Totally different with the other three particle sizes, SF800 distributed almost in the liver after 10 h and maintained until 72 h, instead of gastrointestinal system (Fig. 3B (Ⅳ)). Traced with 125I, the whole liver was fully displayed, which indicated a large amount of 125I-SF was uptaken by the liver. Besides, thyroid was faintly visualized after 48 h. Taking the characteristics of liver deposition, SF800 can be designed as functional materials, such as embolic agents of hepatic artery. More detailed dynamic and timed SPECT images were shown in Fig. S1.

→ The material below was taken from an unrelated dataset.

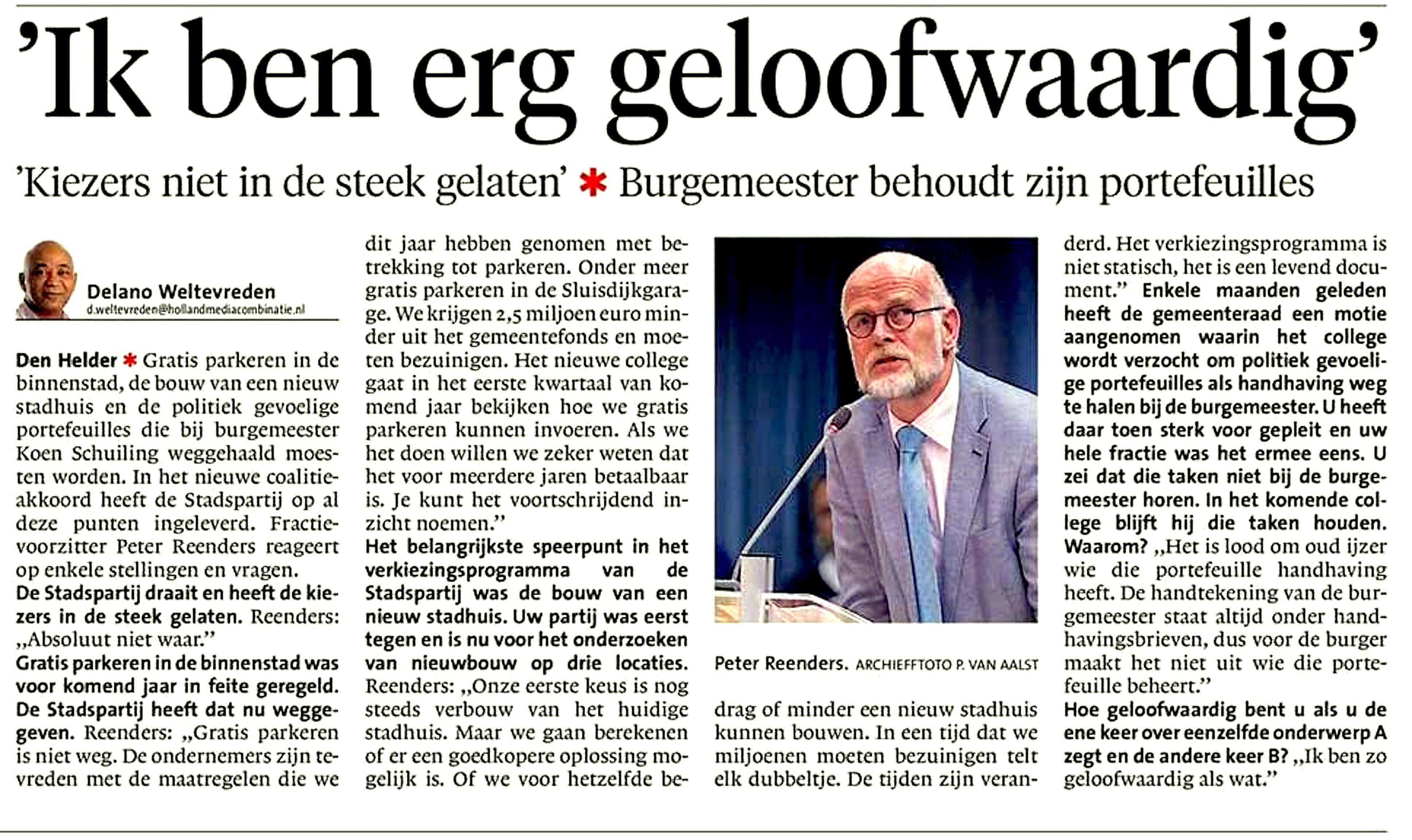Dit zal voor eeuwig een sleutelinterview blijven met betrekking tot Peter Reenders. Het verwijt dat partijen die aan een coalitie deelnemen, niet alle punten uit hun partijprogramma hebben kunnen verwezenlijken, is volstrekt onterecht, tenzij de kiezers die partij een absolute meerderheid verschaffen. De stad moet bestuurd worden en dat gaat alleen als alle partijen die tot een college toetreden, wat water bij de wijn doen. Daar is niets mis mee. Maar Reenders zegt hier iets heel anders; “Het verkiezingsprogramma is een levend document”. Met andere woorden, de uitgangspunten die ik zeg na te streven en waarop ik gekozen ben, staan niet voor vier jaar vast, nee ik kan ze naar believen elk moment veranderen. Daarmee haalt Reenders de fundamenten onder onze democratie vandaan. Wie ooit nog zo oerstom is om op de Stadspartij te stemmen, geeft Reenders dus een levende open machtiging om naar believen te doen wat hem uitkomt. Of kort samengevat; hij hijst een dictator in het zadel.

Quantitative images more vividly showed the change of silk fibroin in ROI, Fig. 3C presented ratio of 125I-SF in organs of interest to background within 72 h. For SF200, SF200-450 and SF450-800, the ratio in the gastrointestinal tract were highest and the peak could reached around 140. The bladder had a downward trend from about 10-20 times, while the liver remained a low level of no more than 10 times. In contrast to the other three sizes, the ratio of SF800 in gastrointestinal tract was obviously lower (the peak was close to 50 times). However, the curve of liver appeared a apparent upward trend at 10 h post-injection and arrived the peak (about 280 times) at around 48 h, while was only about 2-3 times before 10 h. Though there was a downward trend, the liver uptake still maintained a high ratio until 72 h.
Deiodization occurred at about 72 hours, and the distribution of silk fibroin could not be truly reflected after 72 hours, so the images were collected only until 72 h. According to the image of distribution within the first 72 h above, smaller sized silk fibroin (SF200, SF200-450, SF450-800) had basically consistent metabolic pathway, when larger sized (SF800) possessed its own characteristics. SF firstly entered the gastrointestinal tract for digestion and absorption, that was consistent with the metabolic pathway of exogenous protein in the body. Under the action of various protein digestive enzymes, it was decomposed into peptides and a small amount of amino acids. Additionally, most of the SF metabolized by the urinary system was excreted at the early stage, and SF could be observed in the bladder at only a few time points after 1 hour. Among the four sizes of silk fibroin, only the SF800 went into the liver within 72 h probably for further metabolism. Like most proteins in the body, silk fibroin need to be metabolized by the liver in order to reduce toxicity or further exert biological functions. The reason why SF with smaller sizes were not shown to enter the liver may be that small-sized proteins were easier to be excreted directly by the blood circulation and urinary system. Above all, this size effect were mainly reflected by differences on the rule of in vivo biodistribution and metabolism, which was conducive to guide drug design. Taking the SF800 as example, it is suitable to serve as a material that needs to stay in the liver for a long time.